Скала улыбался и кивал головой, как он всегда делал, когда на него обращали внимание. Тайни отпер дверь в камеру Рэнсома, тот вытащил стул в коридор и сел напротив Скалы с колодой карт.
— Одну тебе, одну мне, — сказал он.
Петух прошелся по струнам и запел:
Тайни разозлился:
— Ты что, хочешь, чтобы сюда снова вломился Чисхолм со своей бандой придурков?
— Нет-нет, — сказал Петух. — Конечно, не хочу. Я хочу совсем другого. Знаешь, если б я состоял в комитете по рассмотрению жалоб, или как там он называется, то прежде всего убедил бы остальных сделать нормальную комнату для свиданий. Ну да, все говорят, у нас она гораздо лучше, чем в «Стене», но если б ко мне однажды пришла красивая цыпочка, я бы не хотел болтать с ней через стойку, как продавец в магазине. Нет, если бы ко мне пришла цыпочка…
— Ты сидишь здесь уже двенадцать лет, — воскликнул Тайни, — и к тебе ни разу никто не приходил. Ни разу за все эти двенадцать лет.
— Может, ко мне кто-то приходил, пока ты был в отпуске, — возразил Петух. — Может, ко мне приходили, пока тебе удаляли грыжу. Тебя тогда не было полтора месяца.
— Это было десять лет назад.
— Не важно. Так вот, если бы ко мне пришла цыпочка, я бы не хотел болтать с ней через стойку. Я бы хотел сесть с ней за нормальный стол с пепельницей и принести ей лимонаду.
— У нас есть автоматы с лимонадом.
— Да, но мне бы хотелось болтать с ней и пить лимонад за столом, Тайни. За столом. За стойкой слишком официально. Если б я смог поболтать со своей подружкой за столом, тогда я остался бы вполне доволен и не стал бы причинять кому-нибудь вред или поднимать бунт.
— За двенадцать лет к тебе никто не пришел. Значит, в мире нет никого, кто бы о тебе помнил. Даже родная мать тебя давно забыла. Так же как и все твои сестры, братья, тети, дяди, друзья, подружки — тебе не с кем болтать за столом. Ты не просто труп, ты гораздо хуже. Ты весь в дерьме. А трупы не срут.
Петух заплакал или сделал вид, что плачет; зарыдал — или сделал вид, что рыдает. Заключенные блока Д услышали всхлипывания взрослого мужчины, который спал на обгоревшем матрасе; татуировки, в которые он вкладывал все деньги, давно выцвели, жесткие волосы изрядно поредели и стали седыми, тело одрябло; с миром людей его связывала лишь гитара да жалкие воспоминания о том, как он когда-то отвечал: «Хорошо, сэр, я постараюсь»; его имени не знал никто, ни один человек из живущих на этой планете, и даже он сам называл себя Петухом Номер Два.

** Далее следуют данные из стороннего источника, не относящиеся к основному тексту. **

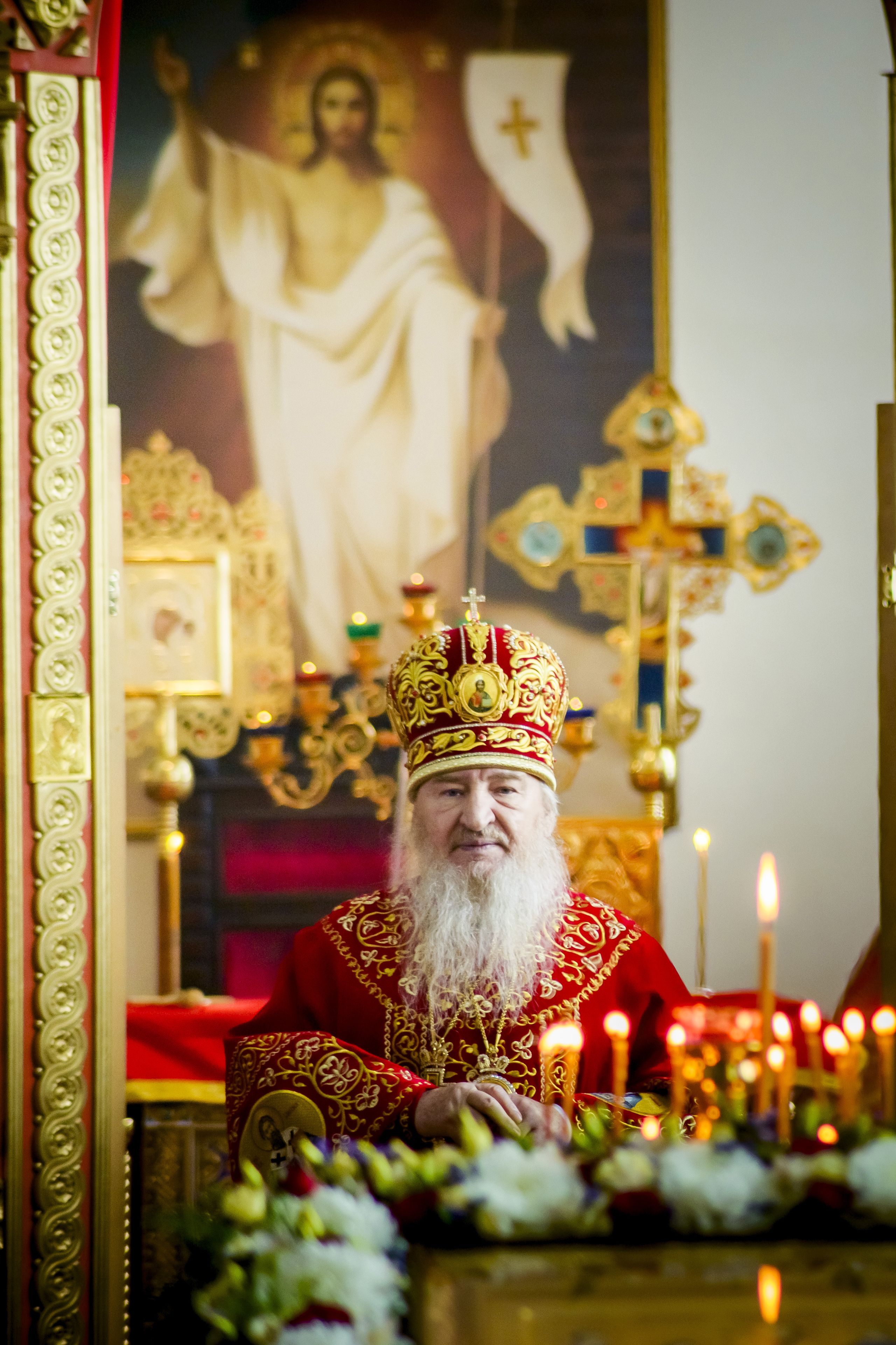 После чтения евангельского зачала Его Высокопреосвященство обратился к молящимся с проповедью.
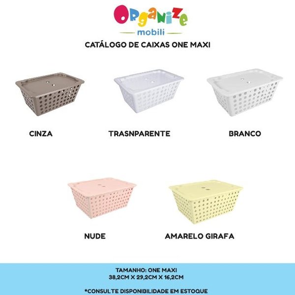 Acompanha ao organizador 4 (quatro) caixas one maxi 2 (duas) caixas one maxi com tampa.
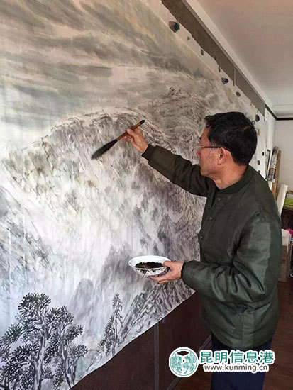 尽管十分寒冷,画展依然吸引了众多书画爱好者,其中不乏许多闻讯而至的外国人。作为云南著名画家之一,寇子皓的作品从来不缺乏赞誉和追捧,而这些天,他却像一个普通的观展者一样,混杂在人群中,细细聆听每一个人的评价和感叹,间或和人们打个招呼交流几句。
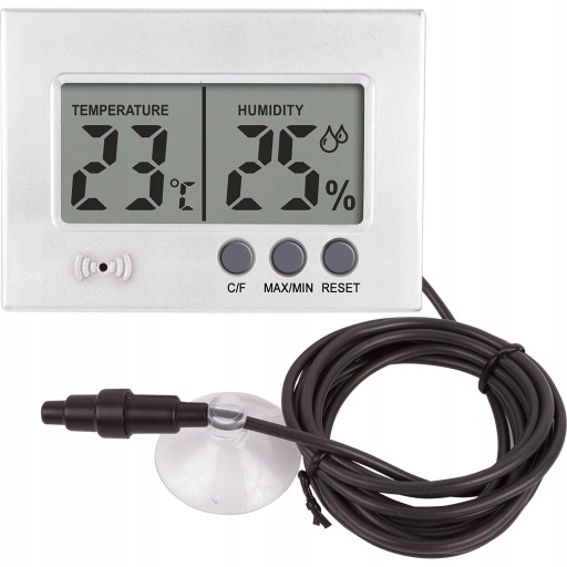Chcesz zadbać o perfekcyjny pomiar temperatury i wilgotności panujących w Twoim terrarium? Sięgnij po nasz wysokiej jakości, elektroniczny termometr z higrometrem. Dzięki niemu w szybki i bezproblemowy sposób dokonasz pomiaru temperatury w dwóch skalach °C i °F, a także dokonasz pomiaru wilgotności od 20% do 99%. Wyświetlacz LCD ułatwia odczyt wskazywanych wartości. Taśma umieszczona z tyłu obudowy urządzenia umożliwia jego zawieszenie. Dodatkową zaletą jest ergonomiczna przyssawka zaokienna ułatwiająca przymocowanie sondy obok termometru. Urządzenie zasilane baterią dołączoną do zestawu. Termometr i higrometr są niezwykle łatwe w obsłudze. Na obudowie znajdują się 3 przyciski: Przycisk C/F służący do zmiany jednostki wyświetlanej temperatury, Przycisk MIN/MAX służący do wyświetlenia minimalnej i maksymalnej zanotowanej temperatury, a także Przycisk reset służący do wyczyszczenia wszystkich dotychczas zanotowanych parametrów.

В час дня прозвучал сигнал к обеду. Заключенным снова приказали выстроиться в ряд на расстоянии десяти шагов друг от друга. Они зашагали по коридору мимо охранников, которые казались еще более напуганными, чем утром. На обед дали всего два бутерброда — один с сыром, другой просто с маргарином. На раздаче стоял незнакомый парень, который не собирался общаться с Фаррагатом. В начале четвертого, когда заключенные уже давно сидели в камерах, им приказали идти в учебный корпус, и они пошли — как обычно, на расстоянии десяти шагов друг от друга.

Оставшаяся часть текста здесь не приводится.